Top of Task input

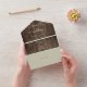 We absolutely loved how these wedding invitations turned out! We went with the standard paper stock, and it is plenty thick. One thing we probably would have changed is not doing the big white block on the front for the recipient address. Our invitations are a dark green. When we went to Staples to look at the options for labels, we saw some cute kraft stock colored ones that would have looked really cute on the dark green rather than using matte clear labels within the white block if that makes sense. They are still adorable though. I just fancied up my matte labels with a little leafy design and pretty font for the names so I feel like it helped it look more cohesive. Also, if you’re worried that they look pricey, make sure to put your quantity in because the price goes down significantly. We found this to be a super affordable, efficient and unique option that checked all of our boxes. When folded, they are the size of a little Google home screen see pictures. Perfect! Colors look exactly as we expected and the printing quality is clear and consistent.
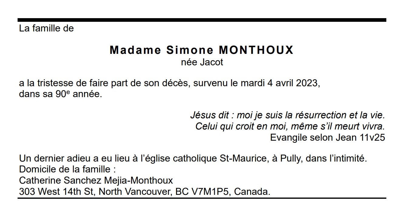 Madame Simone MONTHOUX 12 aoû. 1933 - 04 avr. 2023 Avis mortuaire PFG Télecharger PDF Partager sur: Galerie PreviousNext PreviousNext
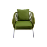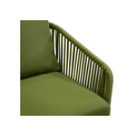 Gartenlounge Visalia -Modell mit Aluminiumstruktur aus weißem bemaltem Pulver, Armlehrebeschichtung und Rücken mit grünen Seil.
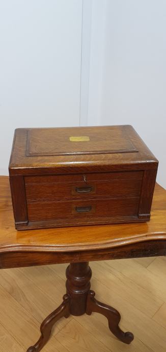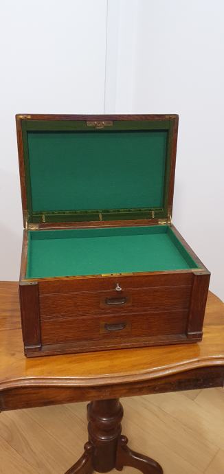 Restaurirana drvena kutija, ima pripadajući ključ, ispravna brava, može biti višenamjenska. Za čuvanje nakita, satova ili slično.
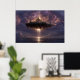Floating Fantasy Castle Cloud Beams Glow Poster
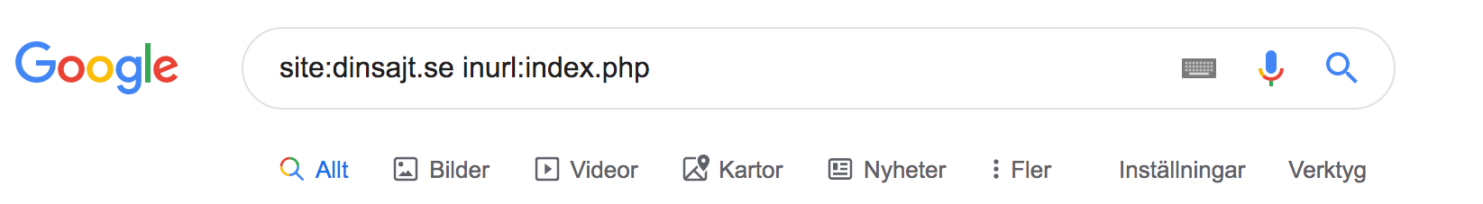 Ser du någon annan bättre gemensam nämnare så byter du självfallet ut index.php mot det du hittat i URL:en. Här är vår artikel om avancerade sökfunktioner.
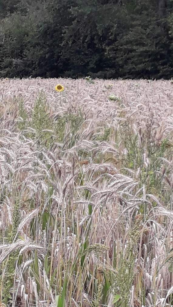 We noticed a small patch of wheat growing with sunflowers amongst it; my sister thought it had been left as ‘cover’ for the pheasants.
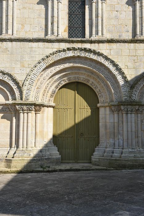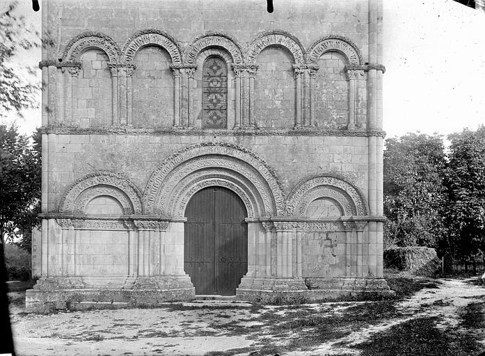Fondé en 1103, ce prieuré avec vicariat perpétuel était à la nomination du prieur de l'abbaye Saint-Eutrope de Saintes. Le pignon de la façade occidentale a été restauré en 1858 puis après la Seconde guerre mondiale. L'édifice est en forme de croix latine et se compose d'une nef, d'un transept et d'un choeur à chevet plat. Sur la croisée du transept se trouvait autrefois le clocher carré à la base. La nef était couverte de voûtes en plein cintre, en briques creuses et plâtre sur doubleaux en pierre. Le mur oriental est percé d'une grande fenêtre à meneaux du 15e siècle. Le choeur est couvert d'une voûte sur croisée d'ogives retombant sur des chapiteaux. Sous la dernière travée de choeur se trouve une crypte couverte d'une voûte en arc brisé. L'accès se fait par la façade nord, par un emmarchement extérieur de plan circulaire. L'extrémité sud de la crypte est éclairée par une petite fenêtre. Dans l'angle de la nef et du croisillon nord, un escalier à vis donnait accès à l'ancien clocher. La façade occidentale s'ouvre, en son centre, par un portail surmonté d'une archivolte à quatre voussures sculptées retombant sur des colonnettes. Ce portail est flanqué de deux arcatures aveugles, surmontées d'archivoltes sculptées retombant également sur des colonnettes. Une frise sculptée traverse l'arcature à la hauteur des chapiteaux des colonnettes. Le premier étage est percé d'une fenêtre au centre, flanquée de quatre arcatures aveugles dont les archivoltes sculptées reposent sur des chapiteaux. Le cordon qui couronne la façade est surmonté d'un pignon qui portail un clocher à arcade.
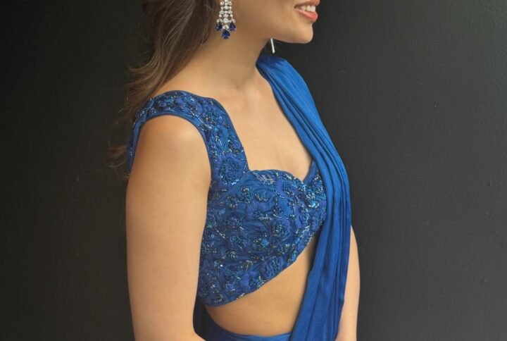 A Classic sky blue soft denim vest with delicate thread cutwork embroidery can be styled with the cloud skort or in multiple other ways
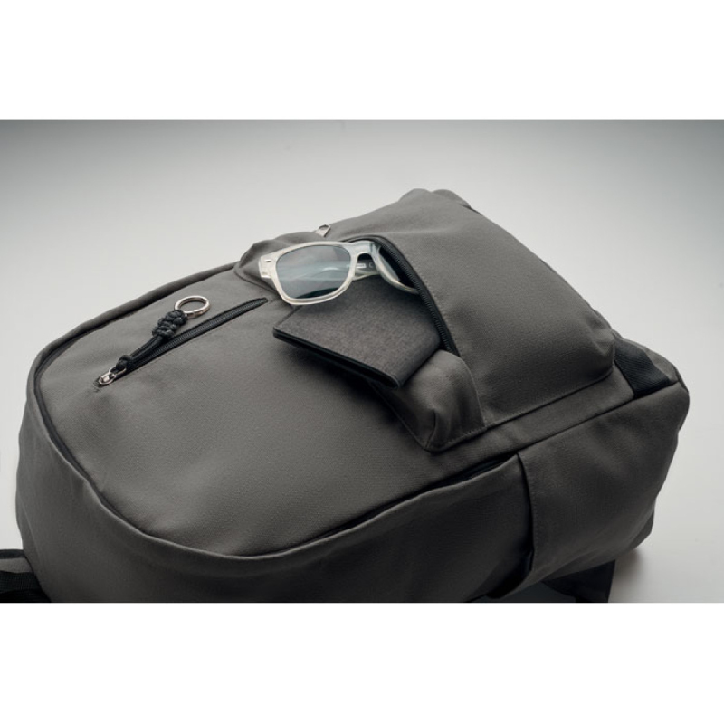 Batoh na 15palcový notebook z recyklované předspotřební bavlny. Velká přední kapsa na zip s vnitřní přihrádkou na notebook. Malá přední kapsa na zip. Dvě boční kapsy. Polstrovaná záda a ramenní popruhy, zadní panel a spodní část. 450 gr/m².

Bottom of Task input

### Exercise instructions:
From the records above, return exactly the lines running from the one that contains "Restaurirana drvena kutija, ima" down to the one that contains "Floating Fantasy Castle", both included, without any pictures.

### Result:
 Restaurirana drvena kutija, ima pripadajući ključ, ispravna brava, može biti višenamjenska. Za čuvanje nakita, satova ili slično.
Floating Fantasy Castle Cloud Beams Glow Poster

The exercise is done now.